Another aspect provides a kit for detecting the proliferative capacity of stem cells, comprising an agent for measuring the expression level of a gene of DANCE.

The kit may be, for example, a microarray capable of measuring the mRNA expression level of a DANCE protein or a gene encoding it. The microarray can be easily prepared by a person skilled in the art according to a method known in the art using the DANCE gene. In the microarray, cDNA of a sequence corresponding to mRNA of a gene encoding a DANCE protein or a fragment thereof may be attached to a substrate as a probe.

If the kit is, for example, for measuring the expression level of the mRNA of the DANCE gene, it may be a kit including essential elements necessary for performing RT-PCR. The RT-PCR kit includes enzymes such as test tubes or other suitable containers, reaction buffers, deoxyribonucleotides (dNTPs), Taq-polymerases and reverse transcriptases, in addition to each primer specific for mRNA of the marker gene, DNase, RNase Inhibitors, DEPC-water (dEPC-water), or sterile water. In addition, a primer pair specific to a gene used as a quantitative control may be included.

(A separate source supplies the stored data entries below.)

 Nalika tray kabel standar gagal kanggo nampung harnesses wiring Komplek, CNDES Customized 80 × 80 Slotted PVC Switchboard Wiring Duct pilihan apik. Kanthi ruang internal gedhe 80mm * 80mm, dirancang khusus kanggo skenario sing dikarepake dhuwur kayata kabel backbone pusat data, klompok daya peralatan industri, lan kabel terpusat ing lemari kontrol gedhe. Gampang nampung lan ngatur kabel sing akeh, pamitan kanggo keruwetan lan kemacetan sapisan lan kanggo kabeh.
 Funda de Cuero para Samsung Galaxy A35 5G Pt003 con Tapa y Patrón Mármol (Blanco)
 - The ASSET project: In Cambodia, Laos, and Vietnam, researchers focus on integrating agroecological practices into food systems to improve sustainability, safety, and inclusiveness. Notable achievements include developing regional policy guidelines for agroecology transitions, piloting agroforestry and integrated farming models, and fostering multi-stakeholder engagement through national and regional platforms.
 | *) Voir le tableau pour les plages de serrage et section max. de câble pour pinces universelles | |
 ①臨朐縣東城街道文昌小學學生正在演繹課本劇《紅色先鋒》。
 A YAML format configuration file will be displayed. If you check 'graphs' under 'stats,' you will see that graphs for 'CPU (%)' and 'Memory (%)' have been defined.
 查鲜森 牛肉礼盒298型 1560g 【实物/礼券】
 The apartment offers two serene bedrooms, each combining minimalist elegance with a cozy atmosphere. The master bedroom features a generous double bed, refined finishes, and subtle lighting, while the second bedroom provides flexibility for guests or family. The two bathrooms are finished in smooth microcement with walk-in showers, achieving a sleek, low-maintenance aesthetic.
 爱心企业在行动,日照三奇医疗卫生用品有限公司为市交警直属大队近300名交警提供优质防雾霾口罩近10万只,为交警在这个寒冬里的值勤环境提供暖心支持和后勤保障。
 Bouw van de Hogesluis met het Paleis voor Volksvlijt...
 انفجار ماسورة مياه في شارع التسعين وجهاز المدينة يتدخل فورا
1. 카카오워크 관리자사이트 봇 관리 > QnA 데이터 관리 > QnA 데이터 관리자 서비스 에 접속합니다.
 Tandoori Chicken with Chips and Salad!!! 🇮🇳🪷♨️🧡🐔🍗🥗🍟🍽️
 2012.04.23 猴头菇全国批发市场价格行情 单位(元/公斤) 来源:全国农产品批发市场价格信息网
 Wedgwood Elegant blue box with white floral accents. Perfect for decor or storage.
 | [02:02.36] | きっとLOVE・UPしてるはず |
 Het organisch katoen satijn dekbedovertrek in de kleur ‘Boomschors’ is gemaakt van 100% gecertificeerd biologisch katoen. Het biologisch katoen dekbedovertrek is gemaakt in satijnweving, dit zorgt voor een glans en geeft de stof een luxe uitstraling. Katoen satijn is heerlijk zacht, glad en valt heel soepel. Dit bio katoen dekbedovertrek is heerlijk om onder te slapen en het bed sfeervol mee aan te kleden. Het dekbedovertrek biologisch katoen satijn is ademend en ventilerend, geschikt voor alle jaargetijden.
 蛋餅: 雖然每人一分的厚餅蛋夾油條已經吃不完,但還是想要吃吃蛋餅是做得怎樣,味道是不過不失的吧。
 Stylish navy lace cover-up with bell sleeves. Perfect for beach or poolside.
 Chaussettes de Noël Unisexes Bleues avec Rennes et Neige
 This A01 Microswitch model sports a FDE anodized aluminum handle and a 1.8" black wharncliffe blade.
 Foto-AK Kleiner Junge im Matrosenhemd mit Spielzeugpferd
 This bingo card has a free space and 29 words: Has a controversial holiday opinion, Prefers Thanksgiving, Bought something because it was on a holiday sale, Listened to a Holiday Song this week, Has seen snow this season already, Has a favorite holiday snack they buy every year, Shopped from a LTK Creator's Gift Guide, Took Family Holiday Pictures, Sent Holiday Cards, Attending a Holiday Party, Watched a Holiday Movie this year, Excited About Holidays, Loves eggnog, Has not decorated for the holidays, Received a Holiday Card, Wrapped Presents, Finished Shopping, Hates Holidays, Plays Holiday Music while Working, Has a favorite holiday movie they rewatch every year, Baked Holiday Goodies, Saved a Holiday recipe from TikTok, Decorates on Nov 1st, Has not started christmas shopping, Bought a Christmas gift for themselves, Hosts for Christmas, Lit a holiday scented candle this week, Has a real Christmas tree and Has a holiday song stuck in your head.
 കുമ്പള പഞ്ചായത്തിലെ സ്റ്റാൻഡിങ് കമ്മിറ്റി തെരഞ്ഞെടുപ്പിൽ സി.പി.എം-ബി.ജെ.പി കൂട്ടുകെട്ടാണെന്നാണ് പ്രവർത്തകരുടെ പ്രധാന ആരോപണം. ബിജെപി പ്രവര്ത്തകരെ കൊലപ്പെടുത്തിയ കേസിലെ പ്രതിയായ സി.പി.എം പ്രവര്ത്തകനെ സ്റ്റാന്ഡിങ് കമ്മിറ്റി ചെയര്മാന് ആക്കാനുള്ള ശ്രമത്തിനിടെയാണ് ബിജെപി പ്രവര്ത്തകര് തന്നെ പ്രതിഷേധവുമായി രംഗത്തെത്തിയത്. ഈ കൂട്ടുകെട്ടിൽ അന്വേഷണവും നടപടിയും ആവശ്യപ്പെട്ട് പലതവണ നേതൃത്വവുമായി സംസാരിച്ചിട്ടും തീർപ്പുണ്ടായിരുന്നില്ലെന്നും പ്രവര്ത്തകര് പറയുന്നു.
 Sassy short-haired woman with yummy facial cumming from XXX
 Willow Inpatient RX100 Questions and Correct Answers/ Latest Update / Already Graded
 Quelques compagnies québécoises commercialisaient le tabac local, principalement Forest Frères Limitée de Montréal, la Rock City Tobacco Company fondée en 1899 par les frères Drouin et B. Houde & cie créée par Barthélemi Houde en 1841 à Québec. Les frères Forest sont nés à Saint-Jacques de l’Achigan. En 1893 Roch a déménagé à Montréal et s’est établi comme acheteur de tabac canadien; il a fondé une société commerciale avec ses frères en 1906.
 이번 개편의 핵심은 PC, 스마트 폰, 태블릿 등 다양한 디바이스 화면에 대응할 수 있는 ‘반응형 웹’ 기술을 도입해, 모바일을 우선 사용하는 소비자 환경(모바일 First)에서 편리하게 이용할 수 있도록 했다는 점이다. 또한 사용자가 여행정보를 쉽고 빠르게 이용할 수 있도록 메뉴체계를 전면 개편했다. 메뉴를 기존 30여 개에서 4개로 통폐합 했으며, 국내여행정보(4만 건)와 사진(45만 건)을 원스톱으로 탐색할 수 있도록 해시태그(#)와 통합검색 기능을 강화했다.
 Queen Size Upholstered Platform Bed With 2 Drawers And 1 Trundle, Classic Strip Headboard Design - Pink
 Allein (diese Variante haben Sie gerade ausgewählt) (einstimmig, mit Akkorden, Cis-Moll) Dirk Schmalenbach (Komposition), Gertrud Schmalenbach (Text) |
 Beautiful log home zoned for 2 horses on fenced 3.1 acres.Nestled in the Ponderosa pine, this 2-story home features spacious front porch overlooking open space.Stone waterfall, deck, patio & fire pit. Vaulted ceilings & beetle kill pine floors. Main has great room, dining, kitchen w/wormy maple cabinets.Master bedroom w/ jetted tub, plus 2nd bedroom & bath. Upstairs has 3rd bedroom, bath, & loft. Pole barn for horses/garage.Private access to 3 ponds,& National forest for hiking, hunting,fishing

In addition, the kit may include an antibody specifically binding to the DANCE protein, a substrate for immunological detection of the antibody, a suitable buffer, a secondary antibody labeled with a chromogenic enzyme or a fluorescent substance, or a chromogenic substrate. The substrate may be a nitrocellulose membrane, a 96 well plate synthesized from polyvinyl resin, a 96 well plate synthesized from polystyrene resin, or a glass slide glass. Peroxidase or alkaline phosphatase may be used as the chromogenic enzyme. The fluorescent material may be FITC or RITC. As the chromogenic substrate, ABTS (2,2'-azino-bis (3-ethylbenzothiazoline-6-sulfonic acid)), OPD (o-phenylenediamine), or TMB (tetramethyl benzidine) can be used.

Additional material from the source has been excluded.